[Feature]: Add nemotron_json as built-in tool parser (NVIDIA Nemotron-Nano-9B-v2 plugin breaks against v0.20.x module reorg)

### 🚀 The feature, motivation and pitch

## Context

`nvidia/NVIDIA-Nemotron-Nano-9B-v2` ships an out-of-tree tool-call parser plugin (`nemotron_toolcall_parser_no_streaming.py`) that NVIDIA's own [vLLM cookbook][cookbook] tells users to load via:

    --enable-auto-tool-choice
    --tool-parser-plugin "<repo>/nemotron_toolcall_parser_no_streaming.py"
    --tool-call-parser nemotron_json

The cookbook pins vLLM to commit `75531a6c…` (2025-08-15). The plugin file in NVIDIA's HF model repo has not been updated since.

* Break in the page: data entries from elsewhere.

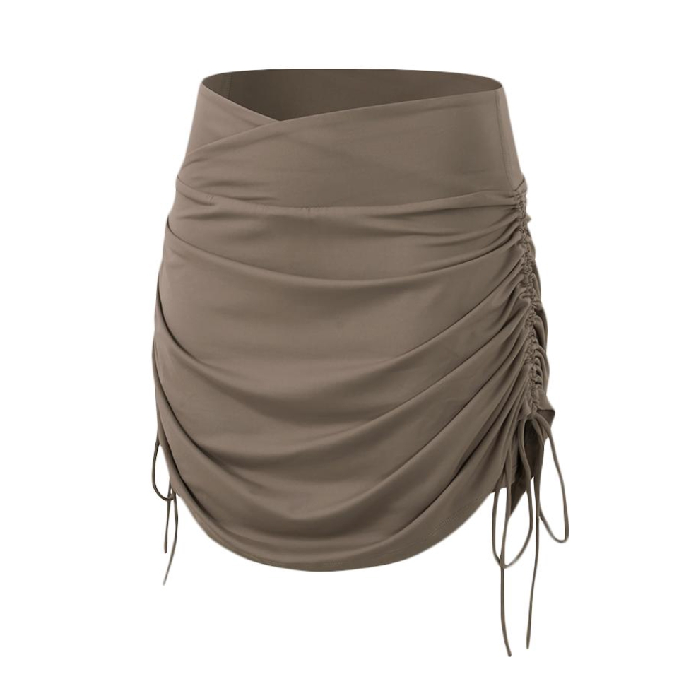 你们要的上身图来了🚨 两边抽拉绳褶皱,更有效的遮住小肚子 腰部的交叉设计会让腰线从视觉上更瘦 涤纶的,弹力很大,速干💡 里面是裤子,所以不用担心哈 我觉得已经很显瘦了🔋 说实话,我不咋穿膝盖以上的裙子 这个不仅可以跑步穿,平时穿也很可
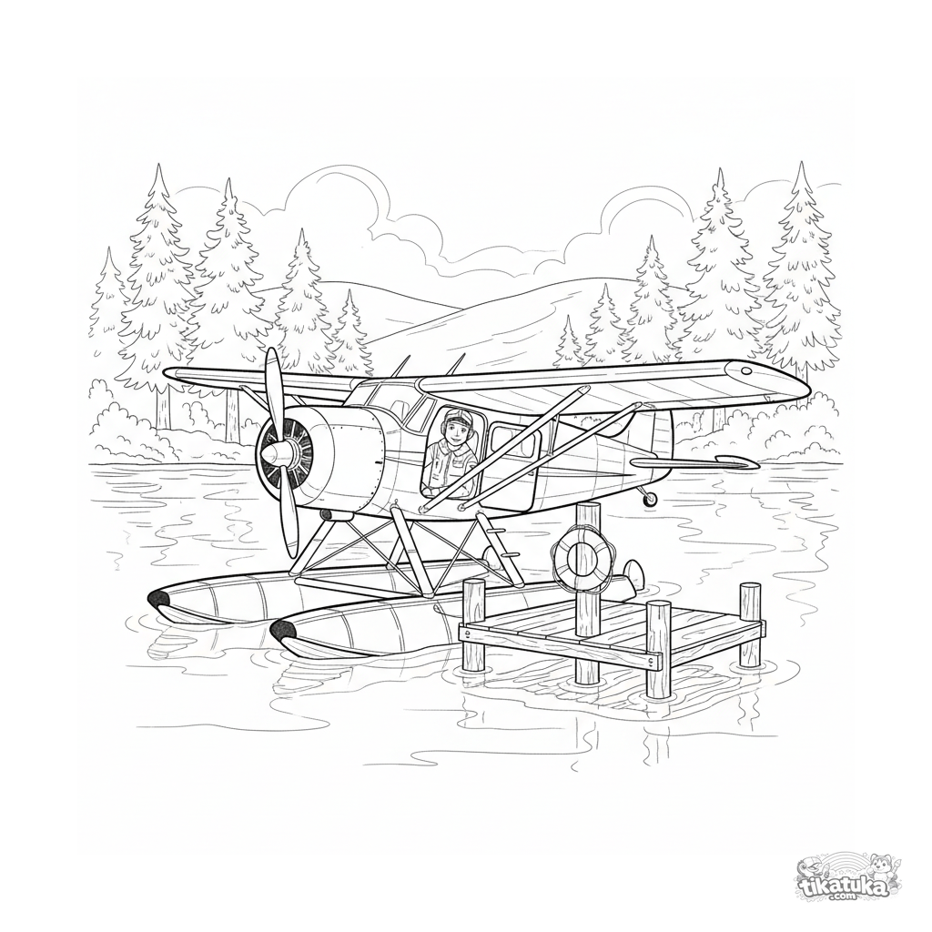 Página para colorear detallada para niños mayores de 10-12 años: un hidroavión atracado en un muelle de madera en un lago tranquilo. Detalles del avión, muelle y reflejos.
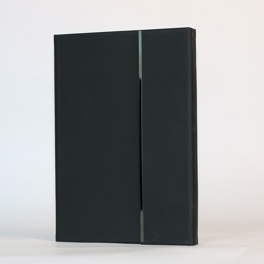 This is a sleek and professional black notebook with a modern, minimalist design. Here's a...
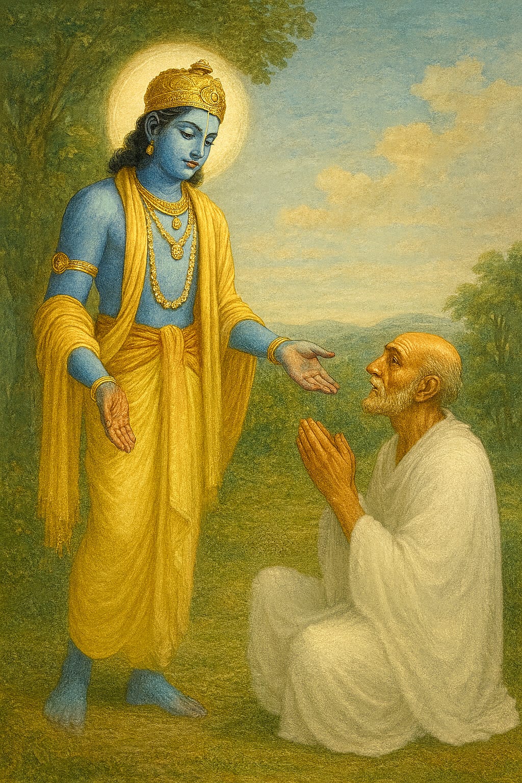 Still, if we are going to ask something from someone, it is better to go to Krsna. In the Gītā, Krsna Himself explains that four categories of persons approach him. Two are looking for knowledge (the curious and the one looking for knowledge of the absolute), while the other two (the distressed and the desirer of wealth) are looking for material benefits. Still, Krsna describes them as "great souls" because even though desirous of material benefits, they are approaching Him.
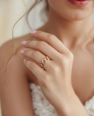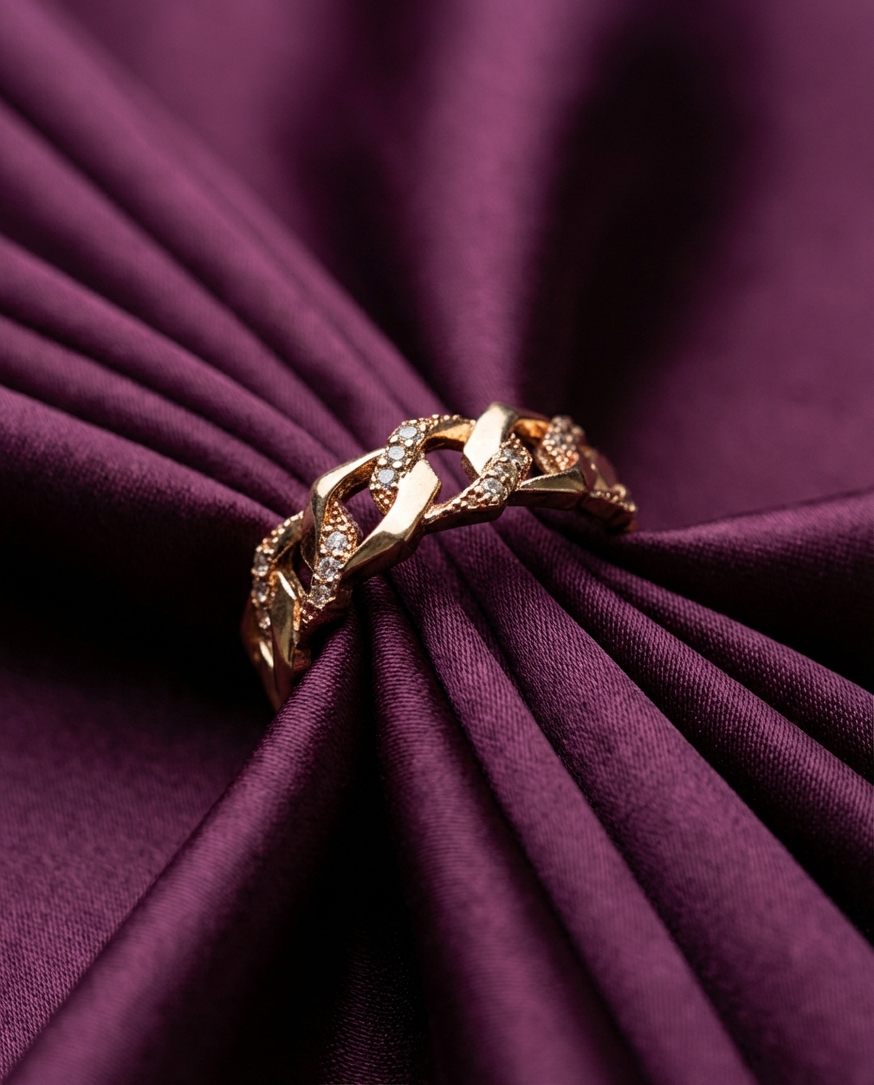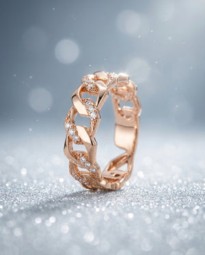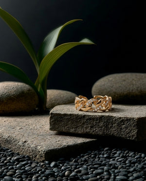 A bold interlocked gold link ring detailed with fine diamonds — designed to make everyday styling feel intentional and elevated.

[cookbook]: https://github.com/NVIDIA-NeMo/Nemotron/blob/main/usage-cookbook/Nemotron-Nano-9B-v2/vllm_cookbook.ipynb

## What breaks on v0.20.x

Three import paths in the plugin no longer resolve, plus the `ToolParser.__init__` calling convention changed:

| Symbol / surface | Old (Aug-2025 vLLM) | v0.20.1 |
|---|---|---|
| `ChatCompletionRequest` | `vllm.entrypoints.openai.protocol` | `vllm.entrypoints.openai.chat_completion.protocol` |
| `FunctionCall, ToolCall, DeltaFunctionCall, DeltaToolCall, DeltaMessage, ExtractedToolCallInformation` | `vllm.entrypoints.openai.protocol` | `vllm.entrypoints.openai.engine.protocol` |
| `ToolParser, ToolParserManager` | `vllm.entrypoints.openai.tool_parsers.abstract_tool_parser` | `vllm.tool_parsers.abstract_tool_parser` |
| `AnyTokenizer` | `vllm.transformers_utils.tokenizer` | renamed to `TokenizerLike` in `vllm.tokenizers.protocol` |
| `ToolParser.__init__(tokenizer)` | one positional arg | now called as `tool_parser(tokenizer, request.tools)` (see `vllm/entrypoints/serve/render/serving.py`) — subclasses must accept the second arg |

Result against current vLLM: server fails to start with `KeyError: 'invalid tool call parser: nemotron_json'` (plugin can't be imported), and even after fixing imports the parser raises `TypeError: __init__() takes 2 positional arguments but 3 were given` on the first request that carries `tools=[…]`.

## Patched plugin (works against v0.20.1)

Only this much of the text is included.